— Collected material —
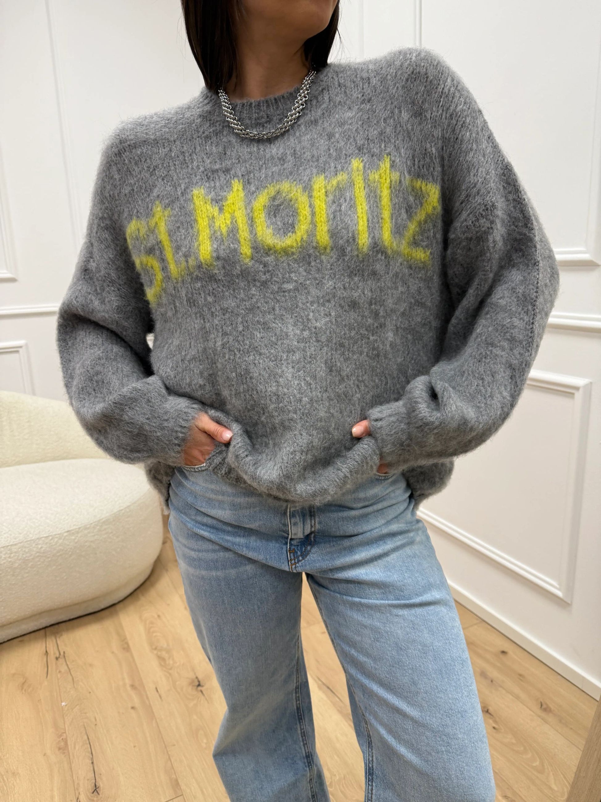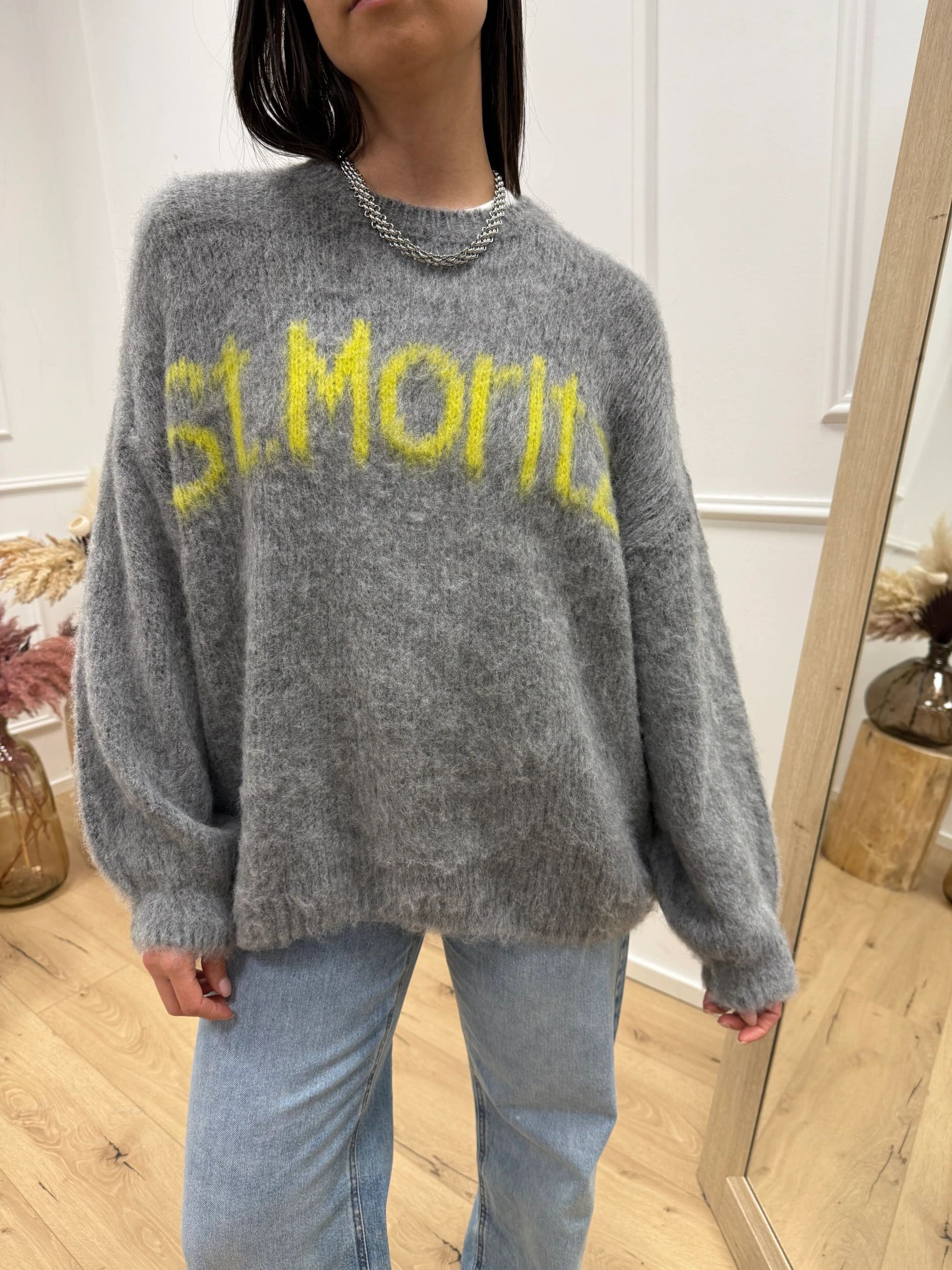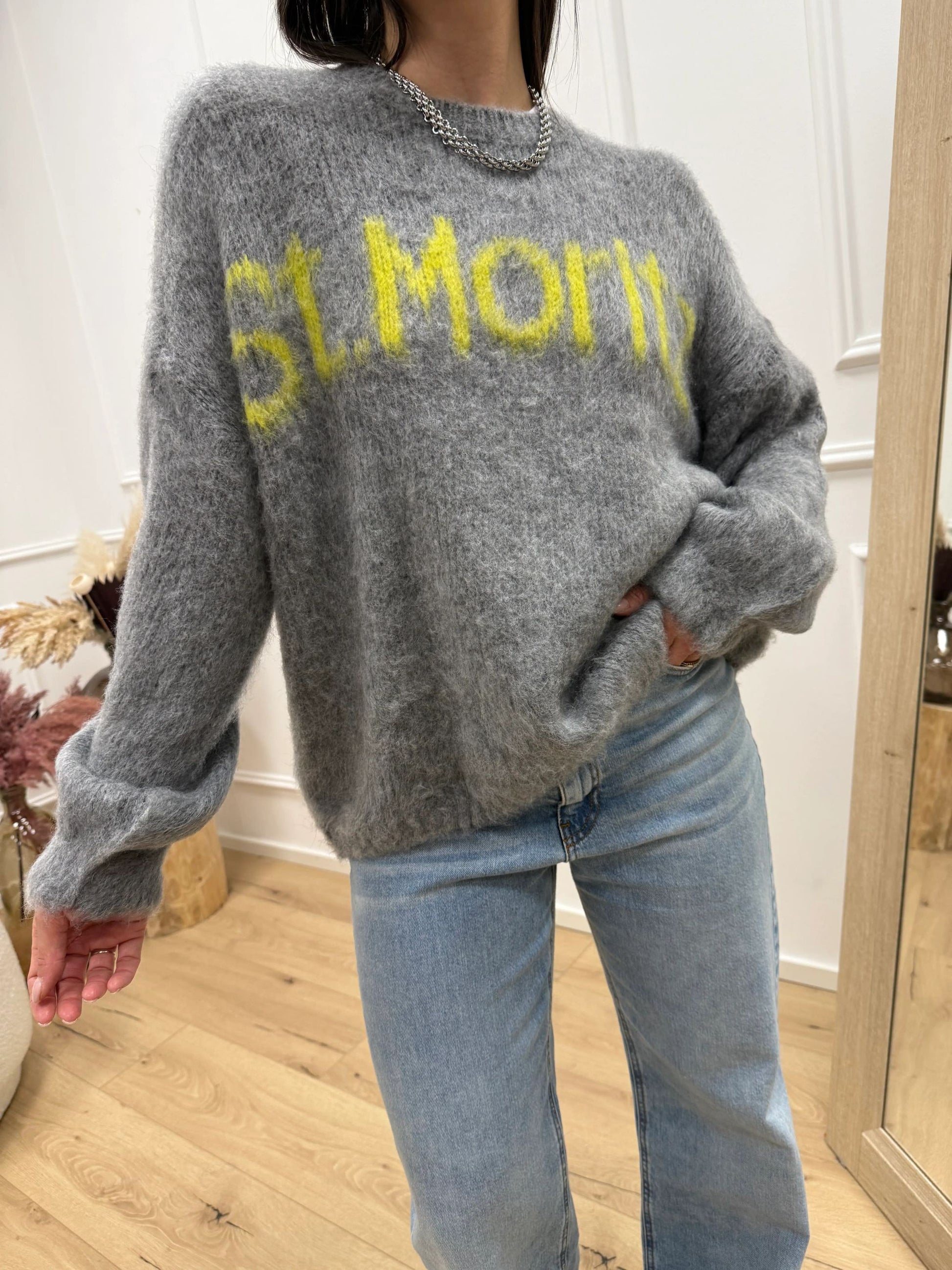 Maglia girocollo St.Moritz grigio e lime - HaveOne
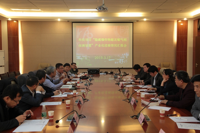 日前,由我院房喻教授团队研发的科技项目“隐藏爆炸物超灵敏探测装置”正式生产问世。3月17日,“隐藏爆炸物超灵敏探测装置”产业化进展情况汇报会在学院1568会议室举行,副校长游旭群,校长助理杨祖培,“深圳中物安全科技有限公司”(以下简称“中物安科”)总经理蔡文斌,我院课题组成员代表房喻教授出席会议。院长高子伟,党委书记高玲香,副院长薛东,副院长焦桓,资产经营有限责任公司总经理马进福,副总经理田皓、梁高全,物理学与信息技术学院副院长辛云宏,科技处处长吴晓军、副处长张卫兵,南方办事处主任闫永昌,宣传部部长孔祥利参加了会议。会议由马进福主持。 蔡文斌首先从“隐藏爆炸物超灵敏探测装置”的生产背景、生产过程、市场价值、企业未来发展方向等几个方面系统地汇报了该项目的生产情况,随后向与会人员展示了产品。
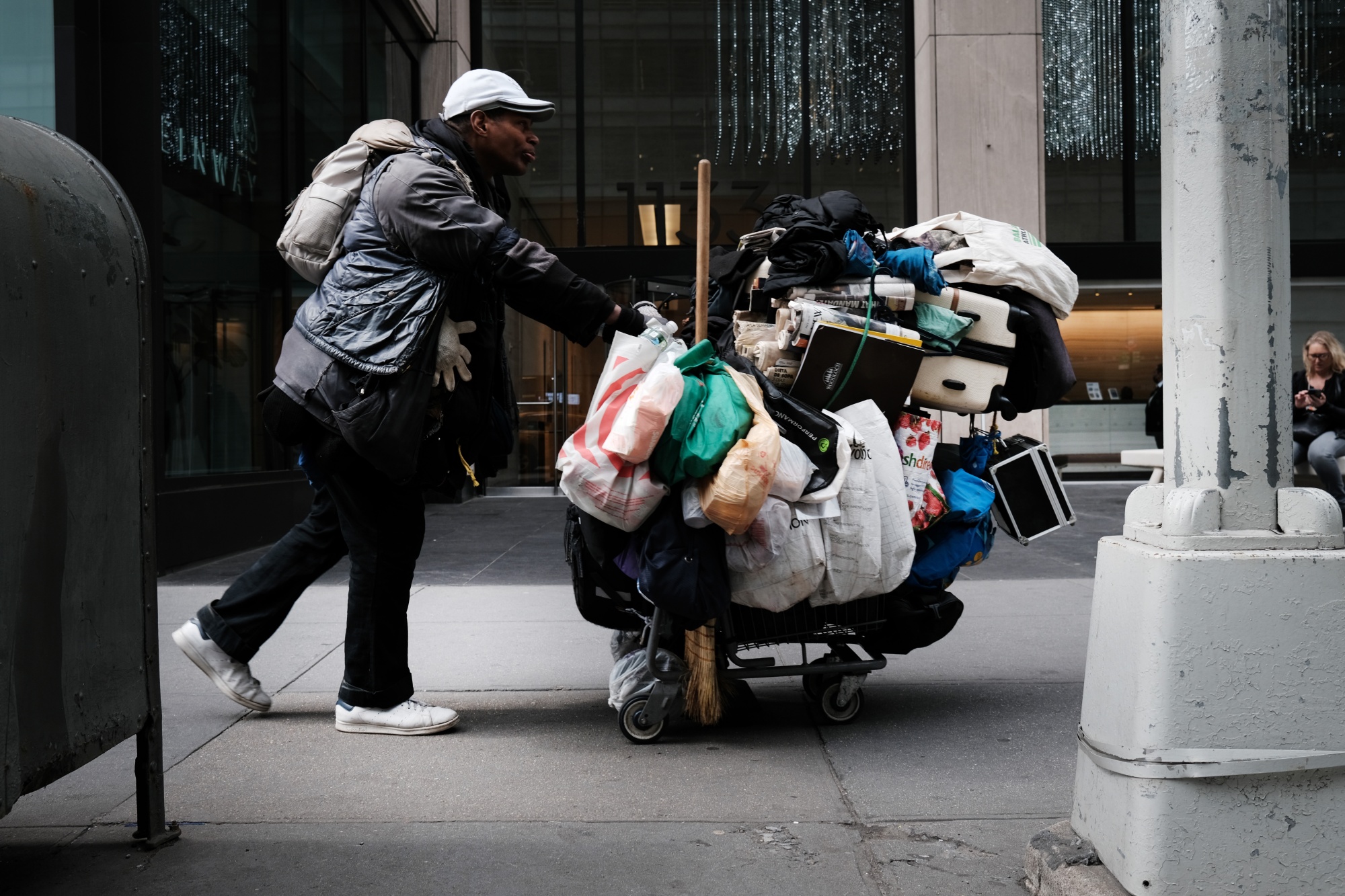 一个无家可归的男子在3月31日穿过曼哈顿。
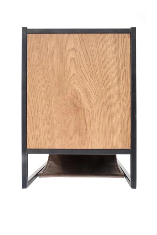 Blat wykonany z trwałego MDF-u w ciepłym odcieniu dębu złotego nadaje meblowi naturalny wygląd, a kontrastująca czarna podstawa ze stali malowanej proszkowo podkreśla jego loftowy charakter. Dodatkowym atutem jest stylowy element z eco skóry, który dodaje całości elegancji i nowoczesnego sznytu.

— What you should do —
With the pictures omitted, print the lines above exactly, beginning at the line with "日前,由我院房喻教授团队研发" and going on through the line with "一个无家可归的男子在3月31日穿过曼哈顿。".

— Task response —
 日前,由我院房喻教授团队研发的科技项目“隐藏爆炸物超灵敏探测装置”正式生产问世。3月17日,“隐藏爆炸物超灵敏探测装置”产业化进展情况汇报会在学院1568会议室举行,副校长游旭群,校长助理杨祖培,“深圳中物安全科技有限公司”(以下简称“中物安科”)总经理蔡文斌,我院课题组成员代表房喻教授出席会议。院长高子伟,党委书记高玲香,副院长薛东,副院长焦桓,资产经营有限责任公司总经理马进福,副总经理田皓、梁高全,物理学与信息技术学院副院长辛云宏,科技处处长吴晓军、副处长张卫兵,南方办事处主任闫永昌,宣传部部长孔祥利参加了会议。会议由马进福主持。 蔡文斌首先从“隐藏爆炸物超灵敏探测装置”的生产背景、生产过程、市场价值、企业未来发展方向等几个方面系统地汇报了该项目的生产情况,随后向与会人员展示了产品。
 一个无家可归的男子在3月31日穿过曼哈顿。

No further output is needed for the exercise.